Earliest failing kernel version: commit 12c22d6ef299ccf0955e5756eb57d90d7577ac68 (somewhere after 2.6.25-rc7)

Distribution: Gentoo Linux

Hardware Environment: x86_64 OKI ANIMA 3300 laptop

Software Environment: Kernel.

Problem Description: The boot hangs after printing that MSI signaling has been enabled on a pair of PCI bridges. Sometimes the console gets garbled when the hang happens, sometimes not.

I bisected the problem to this specific commit:

commit 12c22d6ef299ccf0955e5756eb57d90d7577ac68
Author: Linus Torvalds <torvalds@linux-foundation.org>
Date:   Wed Mar 26 11:22:40 2008 -0700

    Revert "PCI: remove transparent bridge sizing"

    This reverts commit 8fa5913d54f3b1e09948e6a0db34da887e05ff1f, which
    caused various interesting problems for people, including wrong resource
    allocations.  See for example bugzilla entry "2.6.25-rc2: ohci1394
    problem (MMIO broken)" at

        http://bugzilla.kernel.org/show_bug.cgi?id=10080

[...]


I applied a reversion of that commit onto the mainline head (2.6.26-rc9) and it now boots flawlessly (rt61pci still doesn't work reliably, but I found the system stable when using a PCMCIA ath5k card).


Steps to reproduce: Boot with bad version and hangs; boot with good version and it works.
Comment 1 Juan Jesús García de Soria 2008-07-08 02:15:15 UTC
I don't know about the other interesting problems caused by the commit reverted
in the problematic commit.
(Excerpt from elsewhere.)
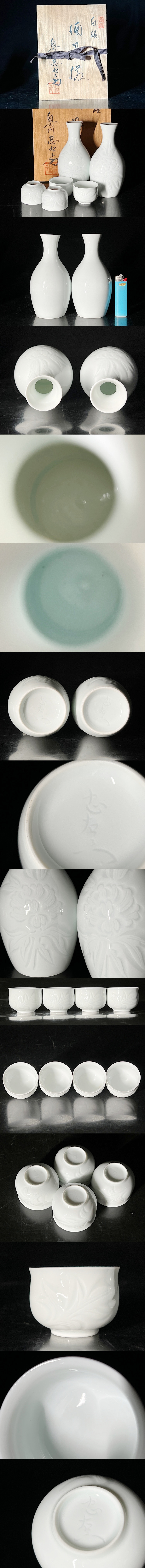 奥川忠右衛門 作 白磁牡丹彫文 酒器6点 共箱 ◆商品詳細 寸法(約):徳利:14.8x8.3x3.2(高×幅×口径cm) 御猪口:3.7x4.9x4.7(高×幅×口径cm) ※寸法に若干の誤差が生じる場合もございます。 少し汚れがありますので、 ご承知の上入札お願いします。 状態等画像にてご確認の上ご入札よろしくお願いいたします。 ◆発送先等のご連絡とお支払いについて ※発送先等のご連絡 落札時から48時間以内にお願い致します。 ※お支払 かんたん決済の期限内にお願い致します。 複数点落札時にまとめて取引の場合(72時間内)に、 まとめて取引の取引手順(落札者方の操作)を参考にお願い致します。 梱包したサイズを測って、地方によって送料を決めますので、よろしくお願いします。 ◆掲載画像について ※画像は現物を撮影しておりますが、照度、遮光、モニターによっては実物と 色目が異なって見えることがありますのでご注意ください。掲載画像では確認 できない傷や汚れがある可能性もございます、あくまで 中古品であるということをご承知の上、御入札をお願い致します。 ◆補償について 商品到着後はすぐに状態の確認をお願い致します。 商品の破損等がございまし たら、箱や梱包材など全てそのままの状態で保存し、お早めにご連絡ください。 (到着日から一週間以上経過、梱包材の廃棄済み等の場合、保証は致しかねます のでご注意ください。) ◆返品について 思っていたイメージと違う、などのお客様主観による返品はお受けできません ので、予めご了承ください。ノークレーム、ノーリターンでお願いします。届 いた商品が商品説明と著しく異なる場合(寸法、キズ記載ミスなど)のみ承り ます。早めにご連絡ください。 ◆注意事項 当方の希望価格と隔たりがある場合は、終了前にやむなく取下げさせて頂く場 合がございます。 ※商品ご落札翌日から4日間以内にご連絡が取れない場合は、入札取消の処置を 取らさせていただく場合がございます。 ※評価の悪い方は取り消す場合がございます。 ※原則として当方の不備以外のキャンセル・返品・返金は受け付けておりません。 以上の点を予めご了承頂いた上で、入札・落札お願い致します。 ◆発送方法 ▼ゆうパック(補償あり/追跡あり) 梱包後のサイズ:~約80cm ※送料全国一律1200円 (但し北海道、沖縄、離島は+500円いただきます。) 発送元は静岡県となります。 ( 商品の組み合わせによっては同梱をお断りさせていただく場合があります。) ※大型商品について 郵便局の規定を超える商品の場合は、佐川急便またはヤマトでの発送となります。 |

I know I need it un-reverted to boot my machine.
Perhaps some kind of quirk is needed.
Comment 2 Juan Jesús García de Soria 2008-07-18 10:38:34 UTC
Created attachment 16878 [details]
Detailed lspci output
Comment 3 Juan Jesús García de Soria 2008-07-18 10:40:37 UTC
I've attached the detailed output of lspci on my machine running some 2.6.24 kernel.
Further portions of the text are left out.